_Assignment:_
Return each line of the data below exactly, omitting any pictures.

_Provided material:_
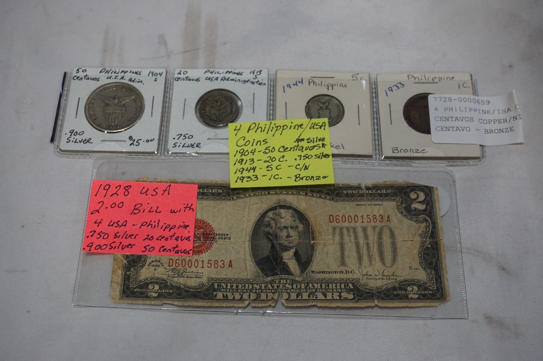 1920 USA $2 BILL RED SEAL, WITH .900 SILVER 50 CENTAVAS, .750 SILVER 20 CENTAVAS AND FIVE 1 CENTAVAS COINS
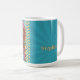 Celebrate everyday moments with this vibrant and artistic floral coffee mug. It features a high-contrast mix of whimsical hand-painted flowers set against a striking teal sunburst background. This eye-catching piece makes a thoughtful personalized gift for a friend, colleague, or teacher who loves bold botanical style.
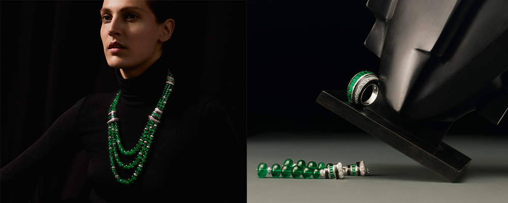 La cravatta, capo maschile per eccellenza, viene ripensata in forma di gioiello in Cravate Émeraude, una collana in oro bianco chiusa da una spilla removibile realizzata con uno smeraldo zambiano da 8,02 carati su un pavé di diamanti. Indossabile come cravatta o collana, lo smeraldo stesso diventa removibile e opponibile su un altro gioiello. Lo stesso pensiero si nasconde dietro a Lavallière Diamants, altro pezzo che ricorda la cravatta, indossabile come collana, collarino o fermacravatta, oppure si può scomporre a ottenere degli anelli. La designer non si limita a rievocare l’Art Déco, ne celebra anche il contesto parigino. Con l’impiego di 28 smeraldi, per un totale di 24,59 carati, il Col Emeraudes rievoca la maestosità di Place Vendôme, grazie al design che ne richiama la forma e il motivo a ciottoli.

_Worked solution:_
 1920 USA $2 BILL RED SEAL, WITH .900 SILVER 50 CENTAVAS, .750 SILVER 20 CENTAVAS AND FIVE 1 CENTAVAS COINS
 Celebrate everyday moments with this vibrant and artistic floral coffee mug. It features a high-contrast mix of whimsical hand-painted flowers set against a striking teal sunburst background. This eye-catching piece makes a thoughtful personalized gift for a friend, colleague, or teacher who loves bold botanical style.
 La cravatta, capo maschile per eccellenza, viene ripensata in forma di gioiello in Cravate Émeraude, una collana in oro bianco chiusa da una spilla removibile realizzata con uno smeraldo zambiano da 8,02 carati su un pavé di diamanti. Indossabile come cravatta o collana, lo smeraldo stesso diventa removibile e opponibile su un altro gioiello. Lo stesso pensiero si nasconde dietro a Lavallière Diamants, altro pezzo che ricorda la cravatta, indossabile come collana, collarino o fermacravatta, oppure si può scomporre a ottenere degli anelli. La designer non si limita a rievocare l’Art Déco, ne celebra anche il contesto parigino. Con l’impiego di 28 smeraldi, per un totale di 24,59 carati, il Col Emeraudes rievoca la maestosità di Place Vendôme, grazie al design che ne richiama la forma e il motivo a ciottoli.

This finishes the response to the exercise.